The Galgali family was shocked when they took Niharika, 16, to get treated for dengue in August and was told she had diabetes. “Her blood results showed glucose levels of 400 mg/ dL, when the normal is under 100 mg/dL. They asked if she was diabetic, but we had no idea,” said her father Mukund Galgali, who works with the Delhi government.
She was put on injectable insulin immediately as the doctors suspected type 1-diabetes, also known as juvenile diabetes, which is common among children. “Three weeks later, we discovered she had type 2-diabetes that usually affects adults in their 40s and 50s, and she was prescribed oral medication,” said Dr Ajay K Ajmani, senior endocrinology consultant at BLK Super Speciality Hospital.
Close to 10% of India’s estimated 65 million people living with diabetes are under the age of 18, which includes 4-5% who have type 1 or juvenile diabetes. “The biggest complication in type1-diabetes is not increased levels of blood glucose but hypoglycaemia caused by the insulin given to the patient for their survival. So it is imperative to eat healthy and stick to the correct insulin doses,” said Dr Anoop Misra, chairman, Fortis CDOC Hospital for Diabetes.
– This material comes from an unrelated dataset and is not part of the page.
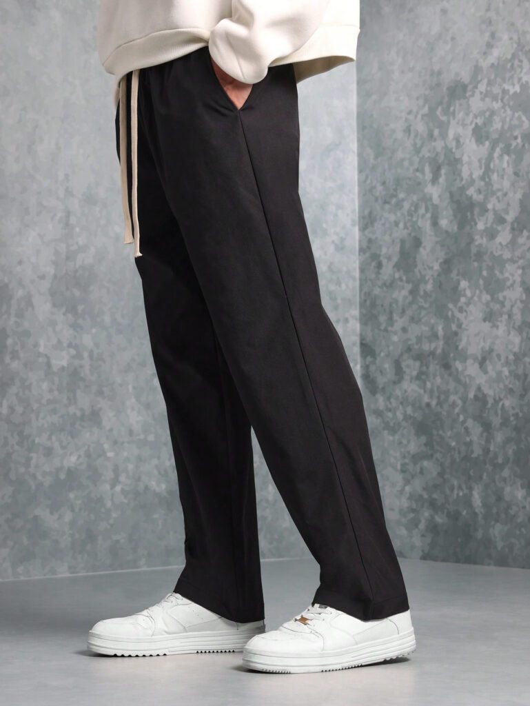 Manfinity Homme Pantalon casual ample et droit avec cordon de serrage à la taille et poches, couleur unie pour hommes

Complicating matters further is the obesity epidemic affecting the young. “We are getting more and more children with type 1-diabetes who are overweight, when one of the classic indication of the disease is weight loss. They often show traits of both type 1 and type 2-diabetes,” said Dr Misra.
As in people with adult-onset diabetes, overweight patients with type 1-diabetes also start using insulin inefficiently. “Girls with type 1-diabetes have higher chances of developing polycystic ovary syndrome, a condition in which cysts grow on the ovaries and may lead to infertility,” he says.
Adult diabetes in teens
Type 2-diabetes, or adult-onset diabetes, is usually triggered by the inactive lifestyles coupled with bad diets, obesity, stress and disrupted sleep. “Lately, more teenagers are being diagnosed with it. Indians develop type 2-diabetes a decade earlier than Caucasians, but even by that yardstick, getting diagnosed in teenage years is unusual,” said Dr SK Wangnoo, head of Apollo Centre for Obesity, Diabetes and Endocrinology.
The school syllabi is partly to blame. “The focus on academic scores results in stress and reduces the time for physical activity. Add to this social networking and TV and you have children sitting around all day instead of playing outdoors,” he said. All teens should spend at least an hour playing outdoor sports each day.